- [YOUR TASK] Your task is to transcribe the data exactly while omitting each picture.

[GIVEN MATERIAL — start]

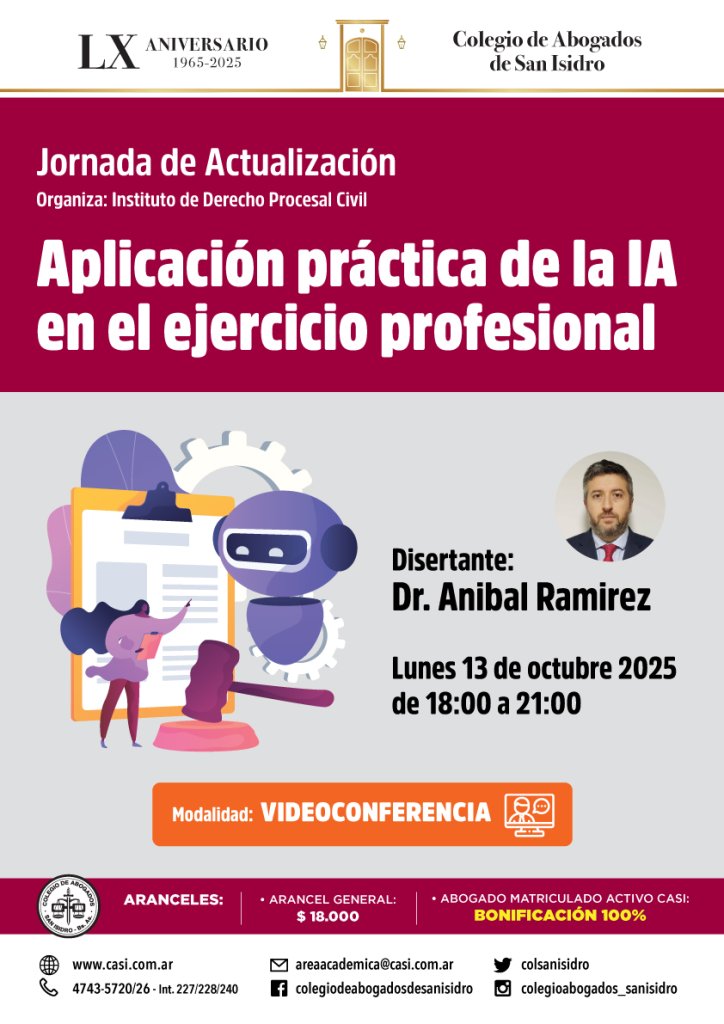 El lunes 13 de octubre, de 18:00 a 21:00, tendrá lugar una jornada de actualización virtual organizada por el Instituto de Derecho Procesal Civil del CASI. El Dr. Aníbal Ramírez disertará sobre la "Aplicación práctica de la IA en el ejercicio profesional".
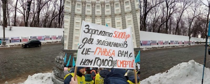20 працівників залізниці з Тернопільщини протестують в Києві під Кабміном. Про це повідомив голова профспілкової організації тернопільської дистанції Львівської залізниці Святослав Бугай.
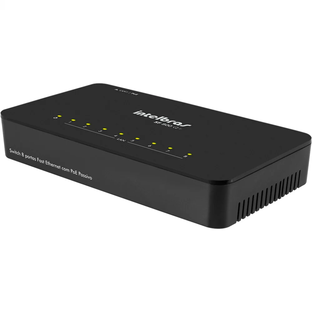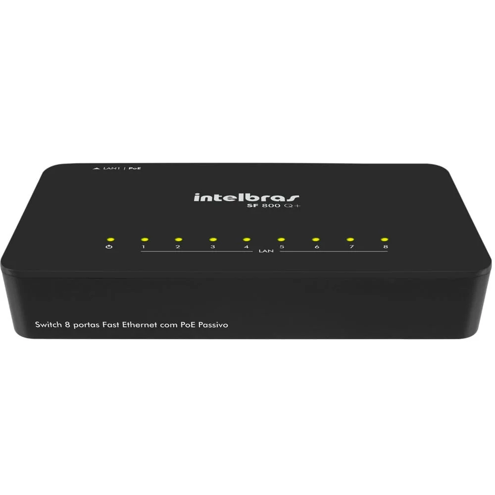 Switch 08 portas Sf800Q + 10/100Mpbs IntelbrasO Switch Sf800 Q + possui 8 portas Fast Ethernet 10/100 Mbps que viabiliza a construção de redes de comunicação de dados permitindo a integração de computadores, impressoras, dispositivos VoIP como ATA e telefone IP, além de proporcionar o compartilhamento de internet para os demais dispositivos conectados a ele.Solução ideal para quem busca um produto versátil e compacto com um excelente custo benefício. Sua porta LAN 1 possui suporte a PoE Passivo, que permite a alimentação do switch através do cabo de rede na presença de um injetor PoE Passivo. O SF 800 Q+ também possui a função Qualidade de Serviço (QoS) para garantia de qualidade do tráfego de pacotes, priorizando aplicações de dados, voz, vídeo e controle de banda.-Marca: Intelbras-Modelo: Sf800QCaracterísticas:- Atende as normas IEEE802.3, IEEE802.3u, IEEE802.3x, IEEE802.1p e IEEE802.3az- Plug & Play, tornando a instalação simples e rápida.- Possui 8 portas RJ45 Fast Ethernet com negociação automática de velocidade- QoS para priorização do tráfego de dados, voz e vídeo.- Possui a porta 1 com suporte a PoE Passivo, sendo possível ligar o switch atráves de um cabo de rede utilizando um adaptador PoE Passivo, caso não haja uma tomada elétrica próxima ao switch.Obs: o adaptador PoE Passivo não está incluso com o produto.- Tecnologia Inteligente para economia de energia- Throughput de até 1.6 Gbps- Possibilidade de ser alimentado por PoE Passivo pela porta LAN1- Leds indicadores na parte superior

[GIVEN MATERIAL — finish]

- [SOLVED EXERCISE]
 El lunes 13 de octubre, de 18:00 a 21:00, tendrá lugar una jornada de actualización virtual organizada por el Instituto de Derecho Procesal Civil del CASI. El Dr. Aníbal Ramírez disertará sobre la "Aplicación práctica de la IA en el ejercicio profesional".
20 працівників залізниці з Тернопільщини протестують в Києві під Кабміном. Про це повідомив голова профспілкової організації тернопільської дистанції Львівської залізниці Святослав Бугай.
 Switch 08 portas Sf800Q + 10/100Mpbs IntelbrasO Switch Sf800 Q + possui 8 portas Fast Ethernet 10/100 Mbps que viabiliza a construção de redes de comunicação de dados permitindo a integração de computadores, impressoras, dispositivos VoIP como ATA e telefone IP, além de proporcionar o compartilhamento de internet para os demais dispositivos conectados a ele.Solução ideal para quem busca um produto versátil e compacto com um excelente custo benefício. Sua porta LAN 1 possui suporte a PoE Passivo, que permite a alimentação do switch através do cabo de rede na presença de um injetor PoE Passivo. O SF 800 Q+ também possui a função Qualidade de Serviço (QoS) para garantia de qualidade do tráfego de pacotes, priorizando aplicações de dados, voz, vídeo e controle de banda.-Marca: Intelbras-Modelo: Sf800QCaracterísticas:- Atende as normas IEEE802.3, IEEE802.3u, IEEE802.3x, IEEE802.1p e IEEE802.3az- Plug & Play, tornando a instalação simples e rápida.- Possui 8 portas RJ45 Fast Ethernet com negociação automática de velocidade- QoS para priorização do tráfego de dados, voz e vídeo.- Possui a porta 1 com suporte a PoE Passivo, sendo possível ligar o switch atráves de um cabo de rede utilizando um adaptador PoE Passivo, caso não haja uma tomada elétrica próxima ao switch.Obs: o adaptador PoE Passivo não está incluso com o produto.- Tecnologia Inteligente para economia de energia- Throughput de até 1.6 Gbps- Possibilidade de ser alimentado por PoE Passivo pela porta LAN1- Leds indicadores na parte superior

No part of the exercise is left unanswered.